Friday, April 07, 2006

Opera Omnia











[click for full size versions]

It would be difficult to overstate the importance of the many contributions made by medical doctor Marcello Malpighi (1628-1694) to science. As the images here suggest, his main works derive from his pioneering use of the microscope.

He established histology (study of tissues) as a field of medicine and there are microanatomical structures in the kidney, spleen and skin (and likely more) that still bear his name. He also founded the science of comparative physiology by documenting his findings from examination of liver tissue from a number of organisms.

He was the first to identify and describe capillaries - the connecting vessels between arteries and veins - thus completing the study of blood circulation that William Harvey had published in the year of Malpighi's birth. His microscopic work with eggs enabled him to describe the development of a chicken embryo: this was itself groundbreaking research.

He didn't restrict his work to human or mammalian microscopy either. He was the first to recognize that insects had breathing tubes and lacked lungs. He contributed a large body of work on plant anatomy too, as many of the above images will testify (it's sometimes hard working out which is animal, insect or plant isn't it?).

He was a life long friend of mathematician Giovanni di Borelli and was something of a collaborator with the Dutch microscopist, Jan Swammerdam. Later in life Malpighi became the Papal physician in Rome and held yet another Professorial Chair of Medicine following his previous appointments in Pisa, Bologna and Messina.

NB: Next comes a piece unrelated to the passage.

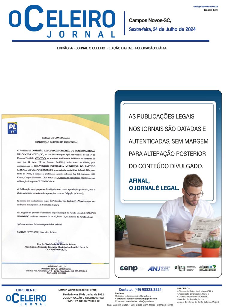 Edital de Convocação para Convenção Partidária Presencial – PL Redação 2 anos atrás ACESSE O PDF COMPLETO – CLIQUE AQUI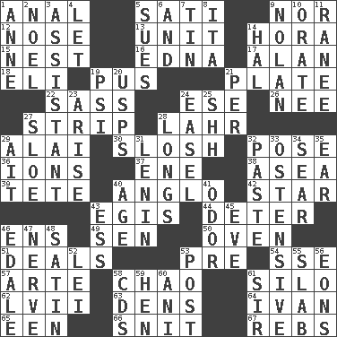 ACROSS 1. Of or related to the anus 5. Suttee (variant) 9. Not either 12. Olfactory organ 13. A single undivided whole 14. Israeli folk dance 15. A home for chicks 16. Pulitzer Prize-winning author Ferber 17. Actor Alda or Thicke 18. Biblical high priest 19. Fluid product of inflammation 21. Food holder 22. Backtalk 24. Compass dir. 26. Born 27. Long narrow piece of something 28. Cowardly lion portrayer 29. Jai _ 30. Agitate, as a liquid 32. Airs 36. Charged particles 37. Compass dir. 38. Toward the sea 39. False hair 40. White American of non-Hispanic descent 42. Play the lead 43. Armor plate that protects the chest 44. Prevent from occurring 46. Followers of ems 49. Elected rep. 50. Baking chamber 51. Allots cards 53. Before (prefix) 54. Compass dir. 57. Johnson of "Laugh-In" 58. US Secretary of Labor Elaine L. _ 61. Grain storage tower 62. 57 in ancient Rome 63. Lairs 64. "Terrible" tsar 65. Car or cant ending 66. In a ____ (agitated or irritated) 67. Confederate soldiers (slang) DOWN 1. Queen of England 1702-14 2. Christmas carol 3. Aide 4. Allow 5. Takes to court 6. Also 7. Metal container 8. Call ___ day 9. Pitcher Ryan 10. Declaim 11. Indian princess (variant) 14. Actor Linden 19. Air pressure measure (abbr.) 20. United States Postal Service (abbr.) 21. For each 23. Get up 24. Artist's stand 25. Quiet! 27. _ gin 28. Yearns 29. Small island 31. Soviet premier 1918-24 32. Thick mixture 33. Clearly or manifestly demonstrative 34. Burn superficially 35. Hearing organ 40. Mature 41. Aroma 43. Double-curved letter 45. First lady 46. Peak District village in England 47. Effrontery 48. Smooth fabric 52. Luau accessory 53. Mail 55. Thick slice 56. Immeasurably long periods of time 58. Music discs 59. Layer 60. Black tropical American cuckoo 61. Title for a knight

Like all great thinkers, Malpighi's ideas did not go unchallenged. His own student defended a number of theses in 1689 which derided the microscopic work of his mentor:

"It is our firm opinion that the anatomy of the exceedingly small, internal conformation of the viscera, which has been extolled in these very times, is of use to no physician."
Most of Malpighi's formal papers were published in the Journal of the Royal Society of England which made him their first Italian fellow. The collected works of Malpighi were first published as Opera Omnia, his botanico-medico-anatomicus in 1687. I nabbed these images above last week from 2 volumes and don't recall if all of the 700-odd pages were published at the same time.

1 comment :

E. S. de Montemayor said...

nice! are there antiquarian books like that that talk about venereal diseases or congenital malformations?